■ **DATA FOR PROCESSING**
== Segment start ==
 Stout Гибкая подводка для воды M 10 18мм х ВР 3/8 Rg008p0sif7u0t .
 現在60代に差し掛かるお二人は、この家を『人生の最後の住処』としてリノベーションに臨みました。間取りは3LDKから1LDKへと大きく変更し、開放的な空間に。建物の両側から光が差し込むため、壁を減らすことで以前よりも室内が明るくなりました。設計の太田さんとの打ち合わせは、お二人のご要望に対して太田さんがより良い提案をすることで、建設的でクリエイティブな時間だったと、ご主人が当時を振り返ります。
== Segment end ==
== Segment start ==
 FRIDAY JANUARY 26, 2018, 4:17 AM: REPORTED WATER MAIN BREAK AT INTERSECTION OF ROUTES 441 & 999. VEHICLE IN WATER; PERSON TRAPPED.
== Segment end ==
== Segment start ==
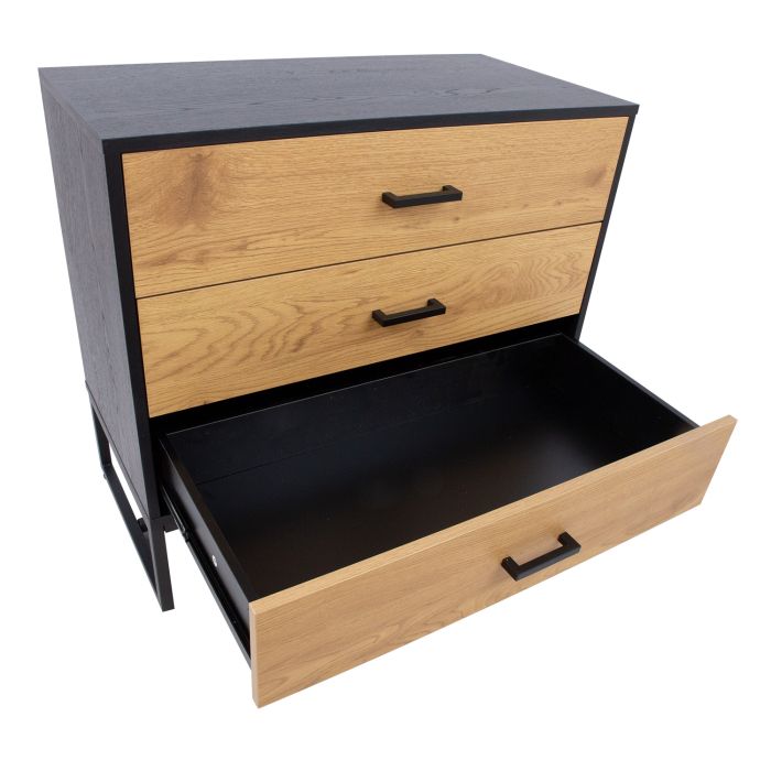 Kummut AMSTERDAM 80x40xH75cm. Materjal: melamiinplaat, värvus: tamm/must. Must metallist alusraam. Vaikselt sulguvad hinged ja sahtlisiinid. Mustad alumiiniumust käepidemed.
== Segment end ==
■ **WORK TO BE COMPLETED**
Everything from the line with "Stout Гибкая подводка" through the line with "現在60代に差し掛かるお二人" in the listing above must be retyped exactly, with nothing added.

■ **EXERCISE OUTPUT**
 Stout Гибкая подводка для воды M 10 18мм х ВР 3/8 Rg008p0sif7u0t .
 現在60代に差し掛かるお二人は、この家を『人生の最後の住処』としてリノベーションに臨みました。間取りは3LDKから1LDKへと大きく変更し、開放的な空間に。建物の両側から光が差し込むため、壁を減らすことで以前よりも室内が明るくなりました。設計の太田さんとの打ち合わせは、お二人のご要望に対して太田さんがより良い提案をすることで、建設的でクリエイティブな時間だったと、ご主人が当時を振り返ります。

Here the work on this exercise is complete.